**WHAT TO WORK ON**
Line by line, set down all the data below exactly, omitting any picture.

**DATA**
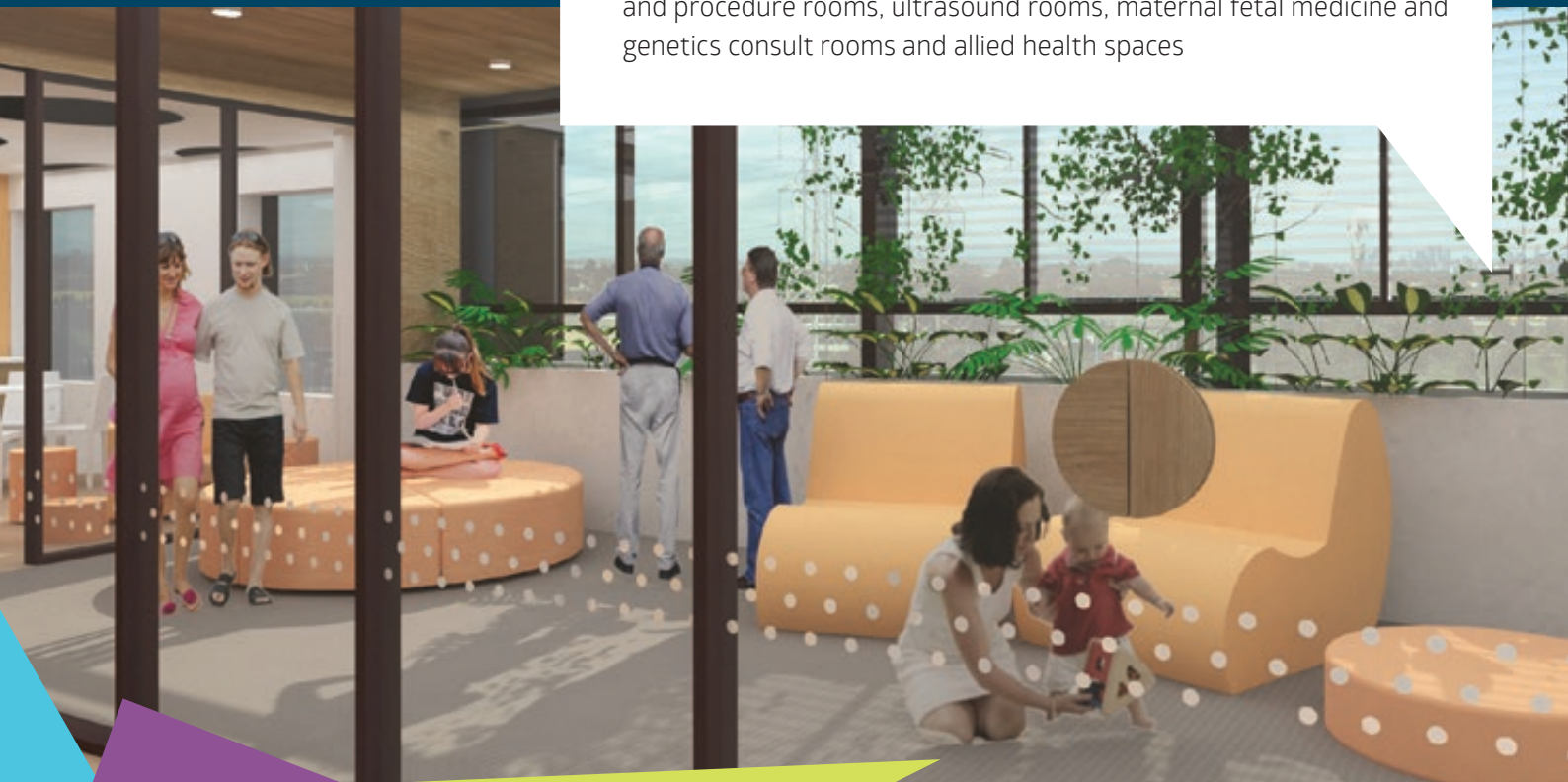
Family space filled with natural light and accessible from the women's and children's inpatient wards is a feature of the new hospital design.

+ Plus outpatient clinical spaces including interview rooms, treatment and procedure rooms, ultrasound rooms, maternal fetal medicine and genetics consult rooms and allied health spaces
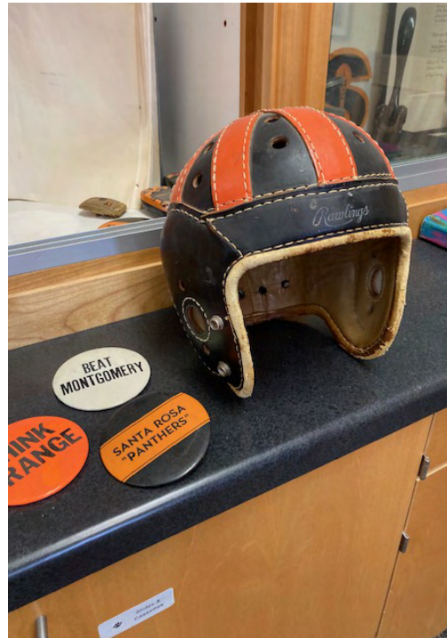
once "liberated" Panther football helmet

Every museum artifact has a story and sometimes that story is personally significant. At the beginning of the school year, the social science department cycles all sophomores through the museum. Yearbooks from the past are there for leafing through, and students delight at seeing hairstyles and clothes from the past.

**SOLUTION**
Family space filled with natural light and accessible from the women's and children's inpatient wards is a feature of the new hospital design.

+ Plus outpatient clinical spaces including interview rooms, treatment and procedure rooms, ultrasound rooms, maternal fetal medicine and genetics consult rooms and allied health spaces
once "liberated" Panther football helmet

Every museum artifact has a story and sometimes that story is personally significant. At the beginning of the school year, the social science department cycles all sophomores through the museum. Yearbooks from the past are there for leafing through, and students delight at seeing hairstyles and clothes from the past.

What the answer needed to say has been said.